The European Union wants a transition period after Brexit to end no later than Dec. 31, 2020, according to the European Commission's negotiating directives agreed yesterday.
The development comes after EU leaders last week signed off on the first stage of Brexit negotiations, ending more than a year of stalemate over Britain's bill for leaving the bloc, as well the fate of the Irish border and EU expatriates.
"The transitional arrangements should apply as from the date of entry into force of the Withdrawal Agreement and should not last beyond 31 December 2020," the published text showed, as reported by Reuters.
Coinciding with the end of the EU's current seven-year budget period, the end of 2020, 21 months after Brexit at the end of March 2019, had long been expected as the target end date of the transition but this was the first official confirmation that this is the official goal of the Union negotiators.
British Prime Minister Theresa May had formally asked for a transition to last around two years.
The four pages of new directives for EU chief negotiator Michel Barnier were in line with guidelines issued by EU leaders at a summit on Friday and will form the basis of talks on the transition which Barnier hopes to start next month.
They spell out that Britain will be effectively still a member of EU institutions, bound by all their rules including new ones, while not having a say in their making.

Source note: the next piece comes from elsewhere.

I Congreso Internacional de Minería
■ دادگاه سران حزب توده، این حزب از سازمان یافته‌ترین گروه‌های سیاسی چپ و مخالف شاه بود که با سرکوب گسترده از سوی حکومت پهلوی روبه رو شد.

The EU will also offer Britain a non-voting place at some meetings where decisions may affect specific issues and will set up special arrangements for a UK role in setting annual EU fishing quotas.
The directives also spell out more clearly that EU treaties with other countries and international organizations will no longer apply to Britain during the transition period. However, the document adds: "Where it is in the interest of the Union, the Union may consider whether and how arrangements can be agreed that would maintain the effects of the agreements as regards the United Kingdom during the transition period."

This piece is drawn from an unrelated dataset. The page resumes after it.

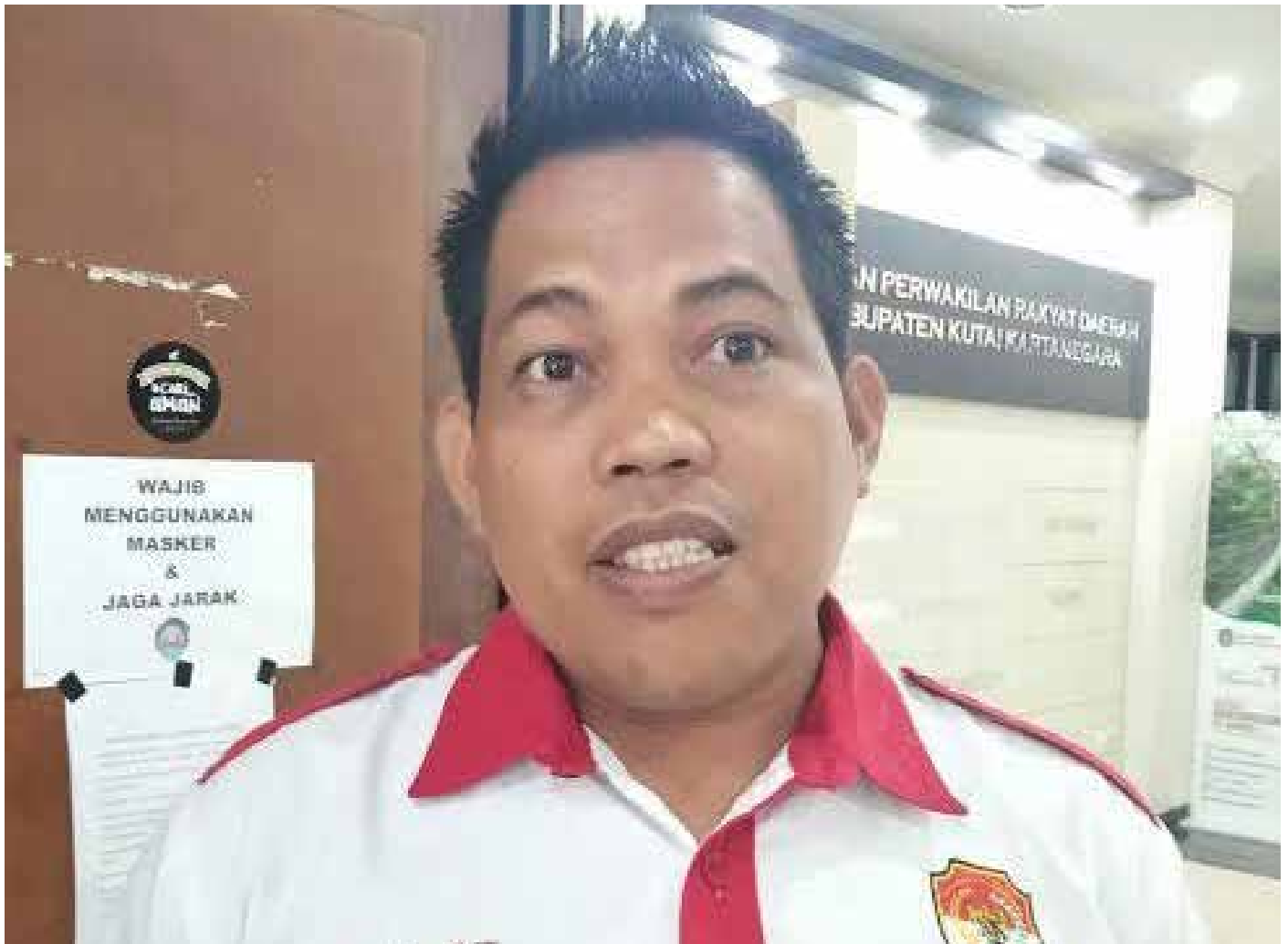
Kepala Desa (Kades), Batuah.

As she presses for the quick transition deal, Prime Minister Theresa May faces opposition from hardline eurosceptics in her Conservative Party over the EU's terms.
May has already accepted in theory the continued jurisdiction of the ECJ and that London will have no legal basis to conclude its own trade deals during the period.

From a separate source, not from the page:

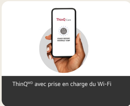
ThinQ MD avec prise en charge du Wi-Fi

Influential pro-Brexit lawmaker Jacob Rees-Mogg slammed this demand as "rather hostile", leaving the UK "no more than a vassal state, a colony, a serf of the European Union," according to AFP.
May insisted to British lawmakers on Monday that the transition is necessary as it would provide continuity for businesses and individuals until the future relationship could be resolved.
She repeated that Britain would be leaving the EU's single market and customs union, but said the transition arrangements were "a practical matter that most people will understand and appreciate".
The next phase comes as Barnier ruffled feathers in London on Tuesday with a warning that any ties after Brexit would inevitably result in Britain's financial companies losing full rights to trade across the bloc.
This was a consequence of "the red lines that the British have chosen themselves. In leaving the single market, they lose the financial services passport," Barnier told a group of European newspapers.